What is required: Your answer must be the lines from the first one in the material through the line with "高知市高須新町 この周辺も2階建てとなる。正面の五台山山腹にはトンネル4本 |", retyped exactly and with no pictures.
Stored data Block Start
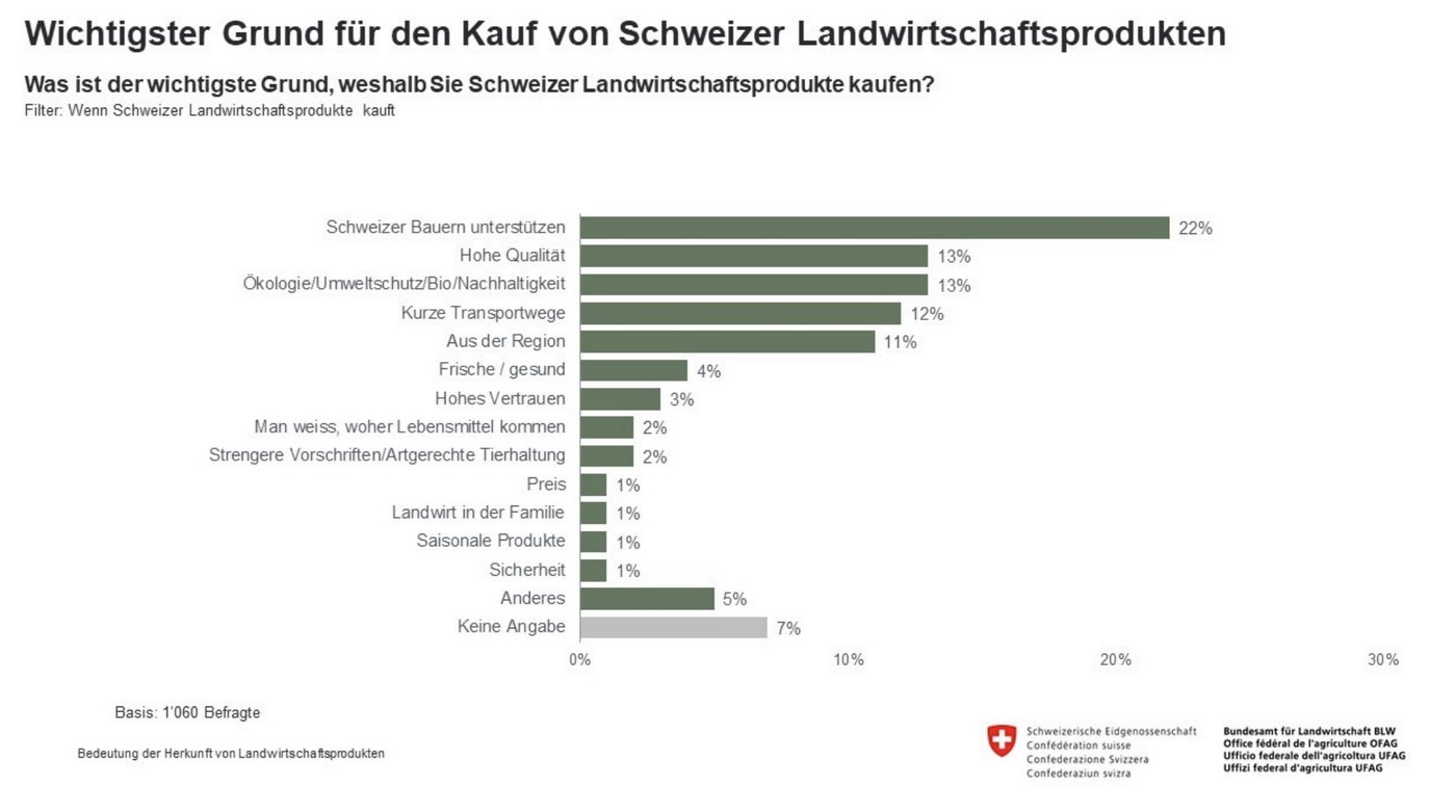 Gemäss der Umfrage geben satte 93 Prozent der Teilnehmenden an «wenn immer möglich» Schweizer Landwirtschaftsprodukte zu kaufen. Als wichtigste Gründe für die Bevorzugung inländischer Ware wird die Unterstützung der Schweizer Bauern und die hohe Qualität der Produkte genannt, gefolgt von einem Zusammenzug aus Ökologie / Umweltschutz / Bio und Nachhaltigkeit.
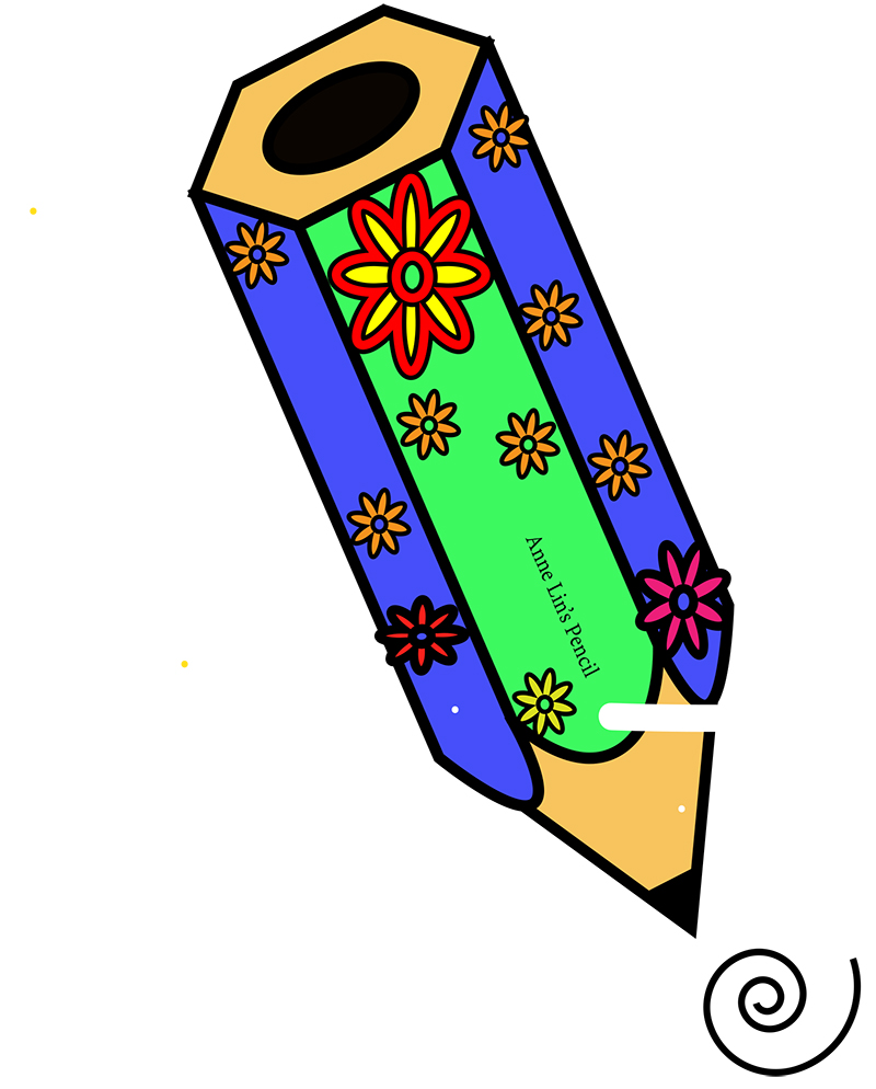 由上圖,可以看到老師教我們用矩形工具畫出一隻屬於自己的鉛筆,再加一些花來點綴,在這個過程我學到不一定要自己畫,用一些圖形可以做出一支特別的筆。
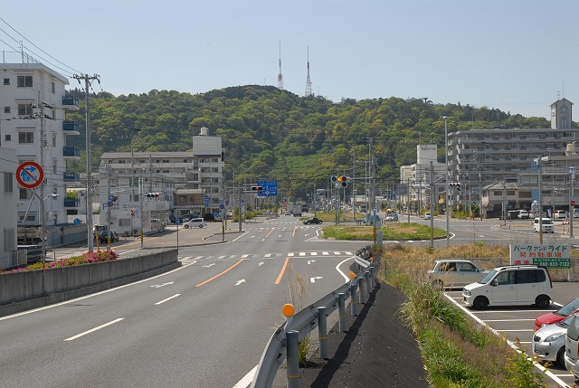 | 高知市高須新町 この周辺も2階建てとなる。正面の五台山山腹にはトンネル4本 |
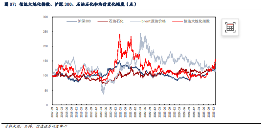 自2017年9月4日至2026年1月9日,信达大炼化指数涨幅为 81.32%,石油石化行业指数涨幅为 38.72%,沪深300指数涨幅为 23.75%,brent原油价格涨幅为 21.02%。我们以首篇大炼化行业报告《与国起航,石化供给侧结构性改革下的大道红利》的发布日(2017年9月4日)为基期,以100为基点,以恒力石化、恒逸石化、荣盛石化、桐昆股份、新凤鸣和东方盛虹6家民营炼化公司作为成份股,将其股价算数平均后作为指数编制依据。
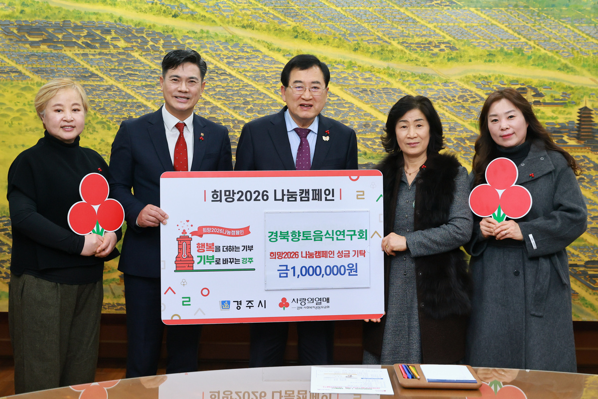 경주시는 지난 14일 시청에서 경북향토음식연구회(회장 조중래)의 희망2026 나눔 캠페인 성금 100만원 기탁식을 개최했다.
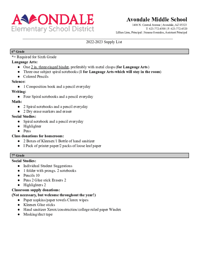 Avondale Middle School 1406 N. Central Avenue | Avondale, AZ 85323 T: 6237724500 | F: 6237724520 Lillian Line, Principal | Susana Gonzales, Assistant Principal___ 20222023 Supply List 6th Grade* Required
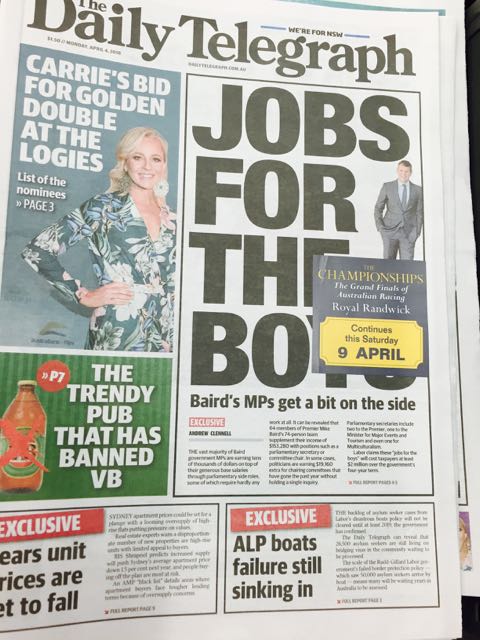 Newspaper page one headline cover-up ·April 5, 2016 ·Mark Fletcher ·1 Comment Yesterday’s Daily Telegraph… Jobs for what?? What a waste of a headline. 2 likes newspaper masthead desecration Join the discussion Neil April 9, 2016 For the boys. It’s not hard to read it… 0 likes Leave a Reply Cancel replyYour email address will not be published. Required fields are marked *Name * Email * Website Enter Code * Captcha Comment * Δ Post navigation Next ArticlePrevious Article
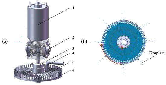 (a) Main structure of centrifugal atomizer (1. motor, 2. bevel gear commutator, 3. rotating disc flange, 4. pipeline, 5. slotted rotating disc, 6. toothed rotating ring); (b) schematic diagram of the centrifugal atomizer atomization process.
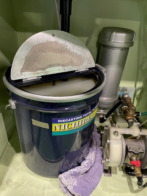 ダイカストには「離型剤」という薬剤が欠かせません。製造した成形品と金型が密着しすぎるのを防ぎ、成形品を金型から取り出す際に生じる摩擦を減少させ、破損を防ぐ役割があります。離型剤の原液には油分が多く含まれており、水で希釈して使用します。この油と水の混ざった希釈液はやがて腐敗し、特に夏は強いニオイを発生させるため現場の大きなストレスとなっています。
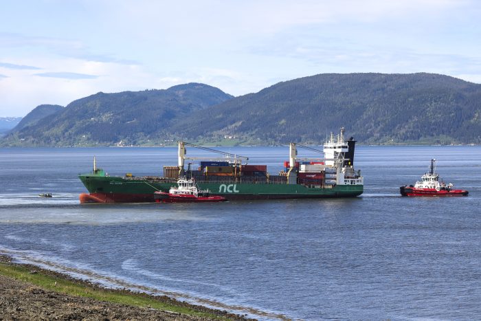 A tugboat hauled and refloated the NCL Salten off the shore of the Trondheim fjord in the morning hours. The vessel was being taken to the nearby harbor of Orkanger.
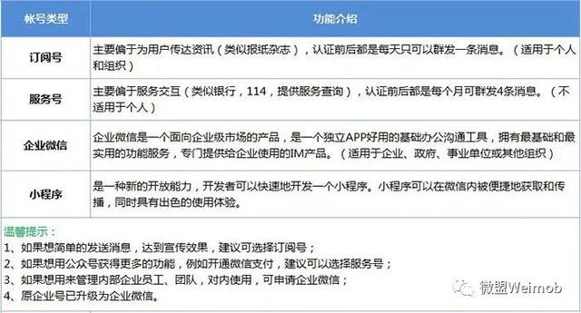 另外,微信公眾號(hào)有訂閱號(hào),服務(wù)號(hào),企業(yè)微信三種類型,對(duì)于微信公眾號(hào)的類型選擇,請(qǐng)?zhí)崆案鶕?jù)公眾號(hào)的用途,考慮清楚,選擇對(duì)應(yīng)的類型,而對(duì)于企業(yè)來(lái)說(shuō),選擇服務(wù)號(hào)是最好的選擇,所以接下來(lái),我們將以服務(wù)號(hào)為例,來(lái)為大家詳細(xì)介紹其申請(qǐng)流程。
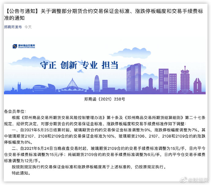 【郑商所:调整部分期货合约交易保证金标准、涨跌停板幅度和交易手续费标准】5月21日,郑商所发布通知,自2021年5月25日结算时起,玻璃期货合约的交易保证金标准调整为9%,涨跌停板幅度调整为7%。其中玻璃期货2107、2108和2109合约的交易保证金标准为10%,玻璃期货2106、2107、2108和2109合约的涨跌停板幅度为8%。
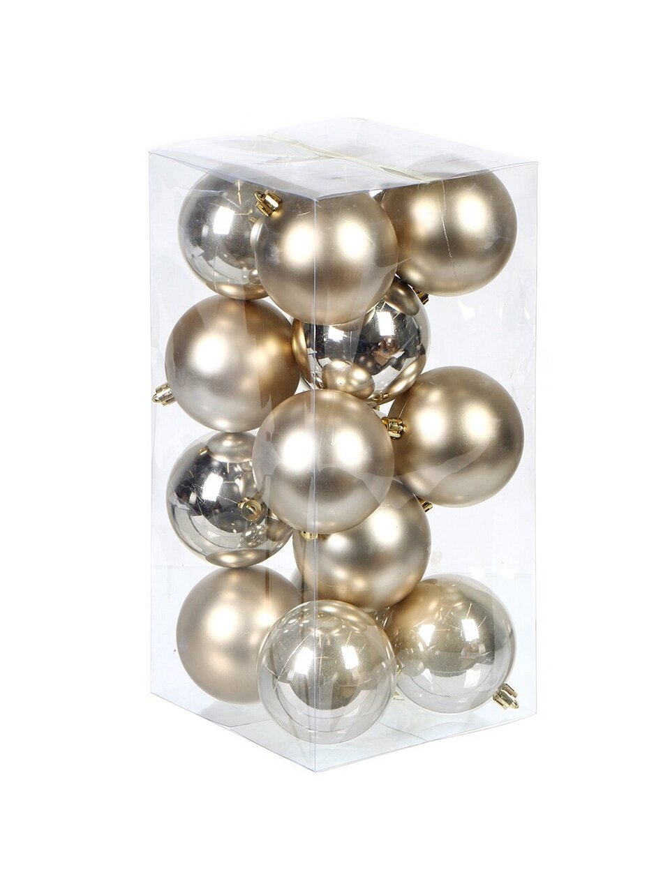 Елочные шары 16 шт, шампань жемчужный, 8 см — стильный набор для украшения дома, дачи или офиса. Безопасный пластик, эффектное покрытие, выгодная цена.
Stored data Block End
Solution below:
 Gemäss der Umfrage geben satte 93 Prozent der Teilnehmenden an «wenn immer möglich» Schweizer Landwirtschaftsprodukte zu kaufen. Als wichtigste Gründe für die Bevorzugung inländischer Ware wird die Unterstützung der Schweizer Bauern und die hohe Qualität der Produkte genannt, gefolgt von einem Zusammenzug aus Ökologie / Umweltschutz / Bio und Nachhaltigkeit.
 由上圖,可以看到老師教我們用矩形工具畫出一隻屬於自己的鉛筆,再加一些花來點綴,在這個過程我學到不一定要自己畫,用一些圖形可以做出一支特別的筆。
 | 高知市高須新町 この周辺も2階建てとなる。正面の五台山山腹にはトンネル4本 |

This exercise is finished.